In May, O'Banion tricked Torrio into thinking he was leaving organized crime and so set him up for a police raid on the Sieben Brewery on North Larabee Street while "The Fox" was attempting to buy it from O'Banion. Meanwhile, the Genna brothers, who controlled Little Italy west of The Loop (Chicago's downtown region), began marketing their whiskey in the North Side. When O'Banion complained to Torrio, Torrio did nothing. O'Banion made the tension between himself and the Gennas worse on 3 November by insisting that one of the Genna siblings, Angelo, pay in full the $30,000 debt he owed to The Ship. Following this incident, the South Side hoods and the Gennas passed a unanimous vote to kill Dion O'Banion.

As the Gennas were Sicilians, they had to answer to the Unione Siciliane, a front organization for the Mafia. The Chicago chief of the Unione, Mike Merlo, was an unflinching advocate of peace, but he was ill with cancer and died on 8 November. O'Banion's flower shop, Schofield's, was called upon as the florist, and over the next couple of days, several Italians, including Unione national director Frankie Yale, visited the shop both to make orders and to memorize its layout for the future hit on its co-owner.
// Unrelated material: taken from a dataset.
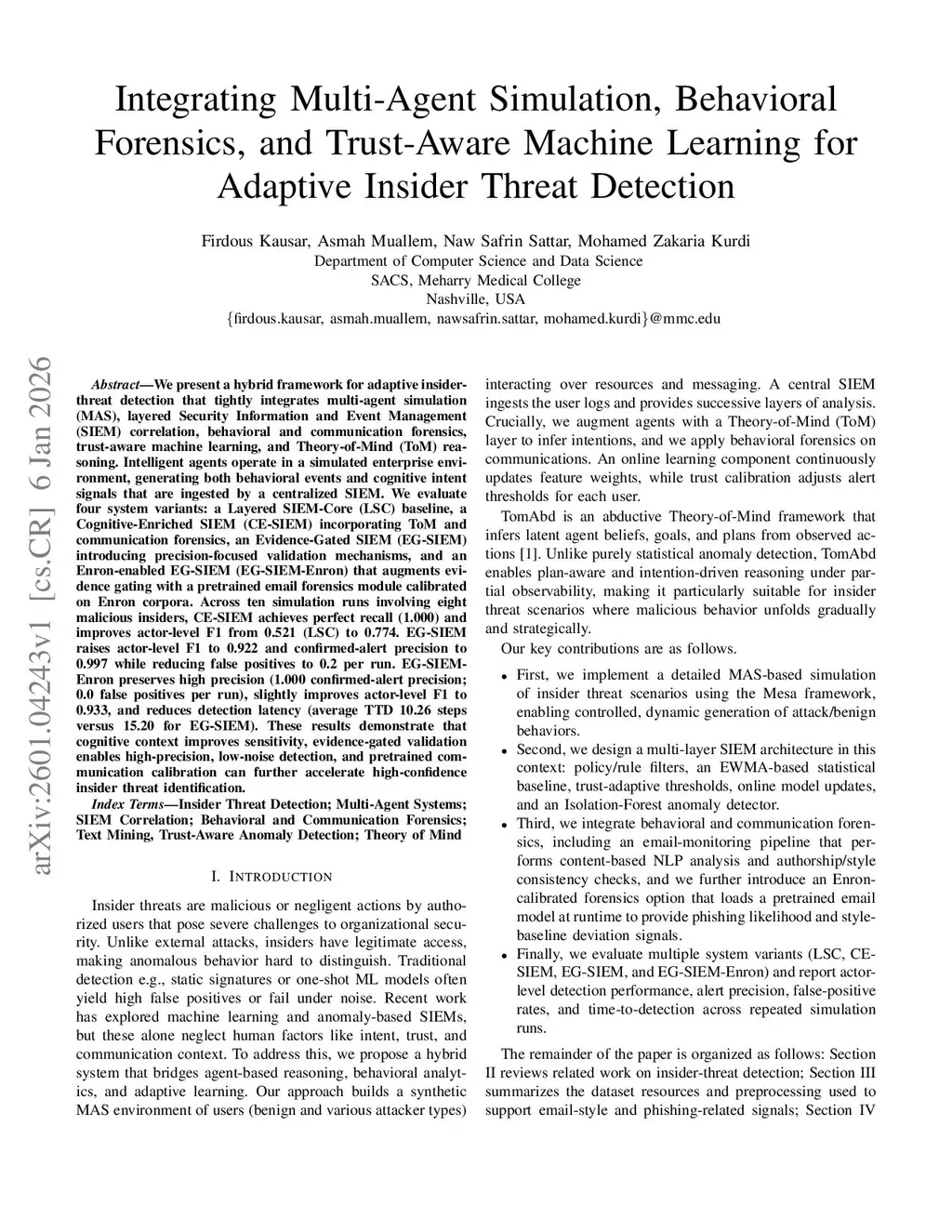 We present a hybrid framework for adaptive insider-threat detection that tightly integrates multi-agent simulation (MAS), layered Security Information and Event Management (SIEM) correlation, behavioral and communication forensics, trust-aware machine learning, and Theory-of-Mind (ToM) reasoning. Intelligent agents operate in a simulated enterprise environment, generating both behavioral events and cognitive intent signals that are ingested by a centralized SIEM. We evaluate four system variants: a Layered SIEM-Core (LSC) baseline, a Cognitive-Enriched SIEM (CE-SIEM) incorporating ToM and communication forensics, an Evidence-Gated SIEM (EG-SIEM) introducing precision-focused validation mechanisms, and an Enron-enabled EG-SIEM (EG-SIEM-Enron) that augments evidence gating with a pretrained email forensics module calibrated on Enron corpora. Across ten simulation runs involving eight malicious insiders, CE-SIEM achieves perfect recall (1.000) and improves actor-level F1 from 0.521 (LSC) to 0.774. EG-SIEM raises actor-level F1 to 0.922 and confirmed-alert precision to 0.997 while reducing false positives to 0.2 per run. EG-SIEM-Enron preserves high precision (1.000 confirmed-alert precision; 0.0 false positives per run), slightly improves actor-level F1 to 0.933, and reduces detection latency (average TTD 10.26 steps versus 15.20 for EG-SIEM). These results demonstrate that cognitive context improves sensitivity, evidence-gated validation enables high-precision, low-noise detection, and pretrained communication calibration can further accelerate high-confidence insider threat identification.

On the morning of 10 November, 1924, O'Banion was clipping chrysanthemums in Schofield's back room when Frankie Yale entered with Torrio/Capone gunmen John Scalise and Albert Anselmi. When O'Banion attempted to greet Yale with a handshake, Yale clasped O'Banion's hand in a death grip while Scalise and Anselmi fired two bullets into O'Banion's chest, two in his cheeks, and two in his throat.

O'Banion was given a lavish funeral, much larger than Mike Merlo's had been the day before, and was buried in Mount Carmel Cemetery in Hillside, Illinois. The killing sparked a brutal gangland conflict in Chicago between the North and South Sides that would last until the St. Valentine's Day Massacre in 1929.